Cent briques et des tuiles is a 1965 French film directed by Pierre Grimblat.

Synopsis 

Marcel, a small-time gangster, has lost all his gang's proceeds, 20 million francs, while gambling. His accomplices, the Shultz brothers, throw him out of his apartment and give him a week to come up with the money.
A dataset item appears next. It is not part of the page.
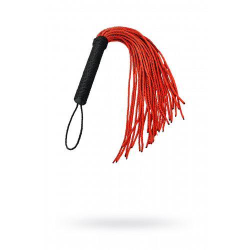 Самый безопасны для нежной попки.Веревочный флоггер с красными хвостами и черной плетеной ручкой мягко разогревает кожу и готовит к более серьезным воздействиям.
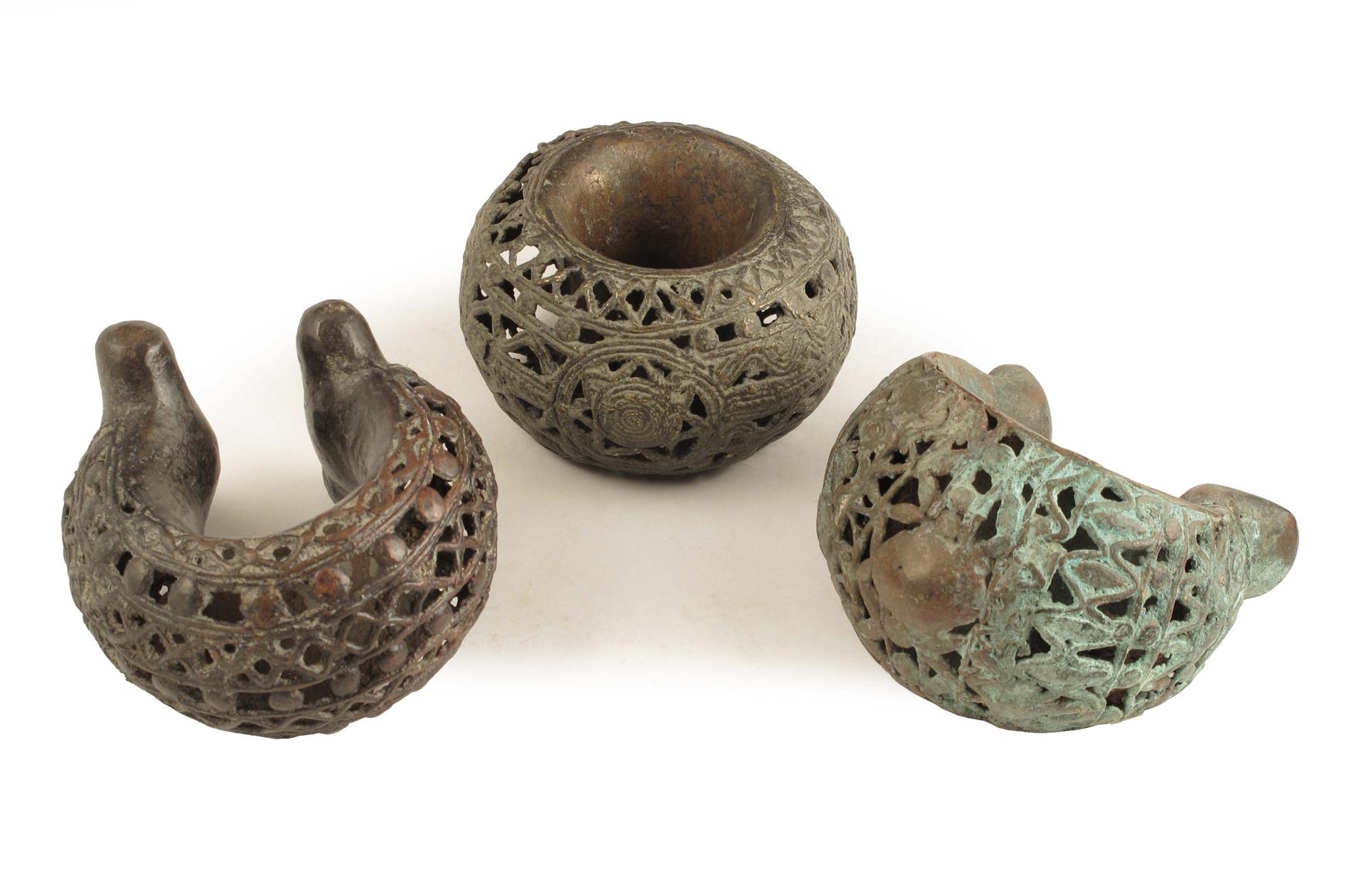 Two African pierced and hollow bronze crescent shape bangles, and another similar bangle. (3)

Marcel goes to Champs Elysées, there crossing paths with his old friend Étienne, who proposes a robbery of the Galeries Lafayette store, telling Marcel it should net them 100 million francs. Étienne and Marcel (possibly a reference to Étienne Marcel) join forces with Justin, who disguises himself as Santa Claus. With the aid of the shop's lift boy, the heist is a success, but the banknotes are soaked in water, setting off the gang's troubles.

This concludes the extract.